We see the internal models of our test reward estimator have scores that are similar to those on the test set. As with the training set, this gives us confidence that the estimated rewards are a fair reflection of reality, and will serve as a good basis for evaluation.

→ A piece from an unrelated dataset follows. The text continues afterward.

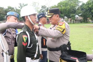Waka Polres Binjai Kompol RD. Firman D., S.H., M.H., selaku pimpinan apel gelar pasukan operasi Ketupat Toba 2025, membacakan amanat bapak Kapolda Sumut sebagai berikut :
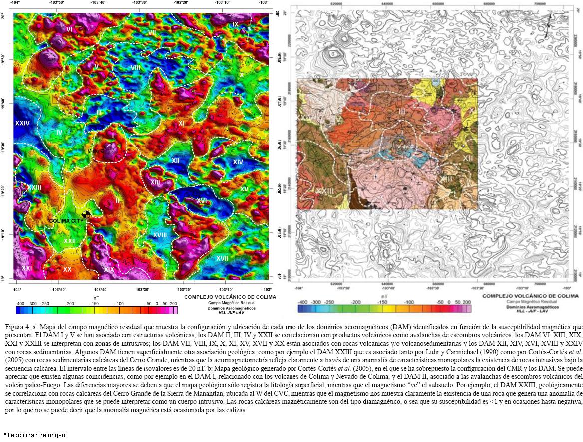 En la Figura 4, se han conjuntado los mapas del CMR, con los DAM y la geología reportada por CortésCortés et al.(2005). Lo primero que se aprecia es que el mapa geológico sólo cubre un área del orden de una tercera parte el estudio aeromagnético. En los mapas se pueden apreciar algunas coincidenciasbentre las unidades litológicas y algunos DAM, como por ejemplo, el DAM I que se correlaciona con los edificios volcánicos del Volcán de Colima y el Nevado, y el DAM II que se asocia a depósitos de avalancha de escombros volcánicos del volcán paleoFuego. Se puede observar en los mapas que algunos de los límites de las unidades litológicas no coinciden con las fronteras de los DAM, y la razón es que el magnetismo no sólo registra la geología superficial, sino que penetra en el subsuelo y puede definir las diferencias en las susceptibilidades magnéticas que definen los DAM.

We can now evaluate the quality using these new estimated rewards. First, we will calculate the average predicted MPG under the treatments prescribed by the tree for the test set. To do this, we use `predict_outcomes`

which uses the model to make prescriptions and looks up the predicted outcomes under these prescriptions:

```
policy_outcomes <- iai::predict_outcomes(grid, test_X, test_rewards$rewards)
```

```
[1] 13.02367 13.10194 13.26537 12.95174 12.99407 12.67351 22.83901
[8] 26.44638 23.16950 23.68355 20.36907 18.56323 17.85454 -18.70225
[15] 24.73810 19.84227 18.41289 18.02786 17.85454 12.66219 12.66219
[22] 12.99407 18.75970 17.48188 26.20989 28.31080 23.51552 25.02196
[29] 25.42858 17.85454 14.89811 12.74661 17.85454 14.02707 15.65969
[36] 15.65969 26.84839 28.07555 27.50332 15.65969 12.88554 14.38841
[43] 14.84884 14.84884 12.88554 15.65969 19.30518 20.20801 14.84884
[50] 14.84884 19.30518 24.62845 27.34884 22.65649 25.94121 20.78518
[57] 15.65969 30.14560 28.72838 22.97014
[ reached getOption("max.print") -- omitted 136 entries ]
```

We can then get the average estimated MPG under our treatments:

```
mean(policy_outcomes)
```

`[1] 23.98876`

We can compare this number to the average estimated MPG under a baseline policy that assigns the same treatment to all observations regardless of their features. Let us compare to a policy that assigns 17 everywhere:

```
mean(test_rewards$rewards[,"17"])
```

`[1] 23.1136`

We can see that the personalization offered by the tree policy indeed improves upon a baseline where each observation receives the same treatment.